All these folks! Paul Laurence Dunbar and Booker T. Washington. Paul Laurence Dunbar was the first black poet to make a living off of his poetry. He had elegance and grace and power and a seething ministerial awe in all of his work. He had control and mastery of form. And then Booker T. Washington was a conflicted figure but a human dynamo who was also kind of operating with a mask on. One mask he would show to the white establishment. Another mask he would show to his people. And a few other masks in between. [Laughing.]

PAH:      Is it our people’s creativity? Is it overcoming the struggle? Is it a little bit of both? What is the commonality in all of it?

TJ:      I think that the folk in Olio clearly had more to struggle against in their careers and in their lives. But I think that one crucial way they did it was through their creativity. One of the missions of the book is to look at black creativity at a particular time when we really don’t think about our capacity to be creative. This is the first generation that tasted freedom. The question is, how were they interested in exploring their creativity through their freedom? Creating for their own edification and not for that of a master for the first time in their lives? What is that like? What forms does that take?
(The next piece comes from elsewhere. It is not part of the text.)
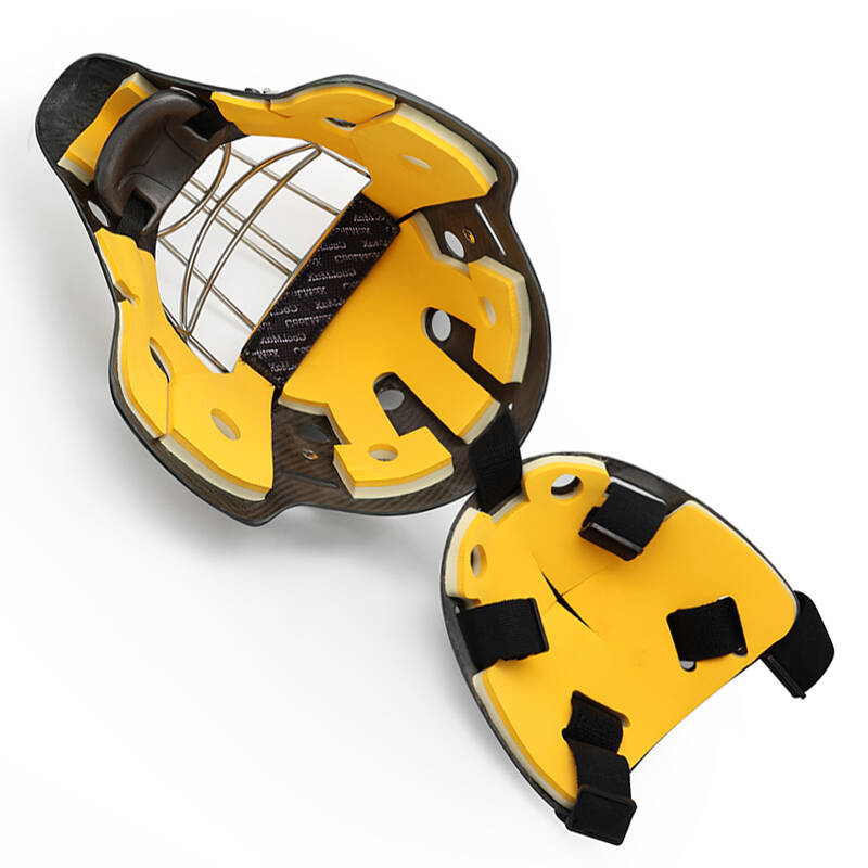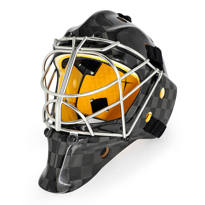 Insgesamt bietet der GY-GH8000C-C8 Cat Eyes Carbonfaser-Hockey-Torwarthelm mit seiner mehrschichtigen Kohlefaser- und Glasfaserschale, der Absorptionsschaumauskleidung und dem Edelstahlkäfig überragenden Schutz, Festigkeit und Haltbarkeit. Es wurde entwickelt, um Torhütern auf allen Spielniveaus maximale Sicherheit und Leistung zu bieten.

There was this explosion of black creativity—and the folks in Olio are just a small chunk of the huge population of black musicians, actors, artists. And we are still wrestling with many of the same questions they were dealing with—how do I comport myself? How do I wrestle with these difficult decisions about the maintenance of my craft and my life? How do I navigate the shallow, rocky shoals of prejudice and racial hatred through the 19th, 20th, and 21st centuries? How do I maintain a vision for my art that I can be proud of, that I sincerely love? How do I protect that and work that in this inferno of America’s racial animus?

Alt-right, Alt-left—2 Americas

PAH:      Jess, you are growing in your influence as both a professor/teacher and poet. You have the ability to not only reflect American culture through your own unique prism, but set the tone. In politics, they say the pendulum swings from left (Obama and the Democrats) to right (Trump and the Republicans)…I see a slight overcorrection from left to Alt-right… also, there are clearly two Americas dealing with the legacy of slavery. I believe there will be an overcorrection to Alt-left in the near term. In the vision of Tyehimba Jess, what does the future of America portend for her citizens? What do you think your children or those in the world to come will say of our times? In the year 2117?

TJ:      When we are talking about 1917 we are talking about a black population in the rise of an empire. World War I was the cataclysm that made the United States a true world power. Right now, 100 years later, we are looking at the decline of that world power. The current administration and the preceding overextension of American empire, the corruption of every branch of government, etc. How we will be seen 100 years from now will depend on how we hold steady to the principles we proclaim in the best of our art, in the best of our political, social, and artistic action. Hopefully, we will make choices that will inspire future generations to look within themselves and search out the most honest and original expressions of themselves that look along the long arc toward justice.

Tyehimba Jess

TYEHIMBA JESS is the author of two books of poetry, Leadbelly and Olio. Olio won the 2017 Pulitzer Prize, the Anisfield-Wolf Book Award, The Midland Society Author’s Award in Poetry, and received an Outstanding Contribution to Publishing Citation from the Black Caucus of the American Library Association. It was also nominated for the National Book Critics Circle Award, the PEN Jean Stein Book Award, and the Kingsley Tufts Poetry Award. Leadbelly was a winner of the 2004 National Poetry Series. The Library Journal and Black Issues Book Review both named it one of the “Best Poetry Books of 2005.”